New GST Rates: Finance Minister Nirmala Sitharaman unveiled the major revamp of India’s Goods and Services Tax (GST) framework of changes that have been approved by the GST Council and which will come into effect on 22 September 2025. This move is going to simplify the tax system as well as boost the consumer demand, particularly before the festive season.
The government collapsed the earlier four-tier GST system into just two slabs of 5% and 18%, with a separate 40% rate for luxury and sin goods.
Everyday-use items like soaps, shampoos, toothpaste, and shaving products will now fall within the 5% bracket, thus significantly bringing them down further.
Basic food products like UHT milk, paneer, roti, chapati, and parathas are fully exempt from GST, thus reducing household kitchen costs.
Further, essentials for health care and education, such as essential medicines, medical devices, notebooks, and pencils, are now either moved to 5% or totally tax-free.
GST will no longer be levied on insurance policies, either life or health, giving relief to policyholders.
Consumer durables and vehicles such as air conditioners, televisions, washing machines, two-wheelers below 350cc, cars, buses, and trucks will all be applicable 18%, from earlier 28%, thus making them cheaper.
New Ground Level: 5% only – For Tractors, ” Machinery and Tyres”. All agricultural inputs under which are taxed at this low level.
Despite the relief offered by this reform to many households, some categories will have higher tax rates.
A separate 40% slab will apply to the so-called premium motor cars.

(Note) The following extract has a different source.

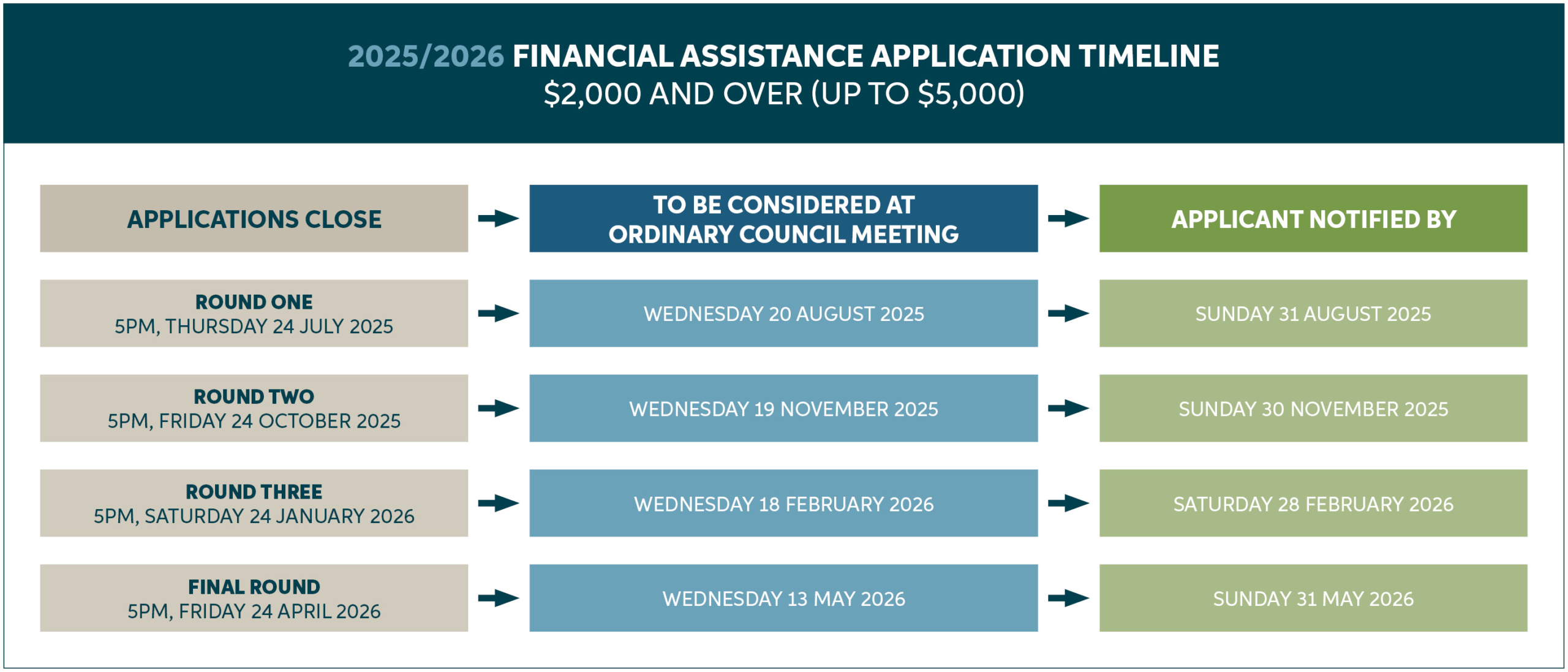 - Financial Assistance Program Grants – Any other Grant requests under the Financial Assistance Program will be referred to Council for a resolution. It is important to note that the decisions about whether to grant an application request rests totally with Council and cannot be delegated to Council staff. Council only considers applications under this program four times per financial year. Therefore, to avoid disappointment, applicants are urged to provide a complete application and submit within the timelines provided.

All aerated drinks, tobacco products, and other luxury or harmful items.
All high-value apparel sold at ₹ 2,500 and above will now charge 18% GST, compared to the previous 12% levy.
Coal has also gone up to 18% as opposed to the previous 5%.
Also Read: Next-Gen GST Reforms: Full List of New GST Cuts Revealed
According to government estimates, tax cuts could cost the exchequer any amount around ₹ 48,000 crore. However, they expect such a pessimistic figure to compensate with positive ripples in consumption. Economists say the new GST structure should relieve retail inflation by more than 1%. Clearing some air for households already facing steep prices.
Overall, these reforms will simplify compliance and reduce prices for essentials while stimulating consumption. While also discouraging luxury and sin goods through higher taxation.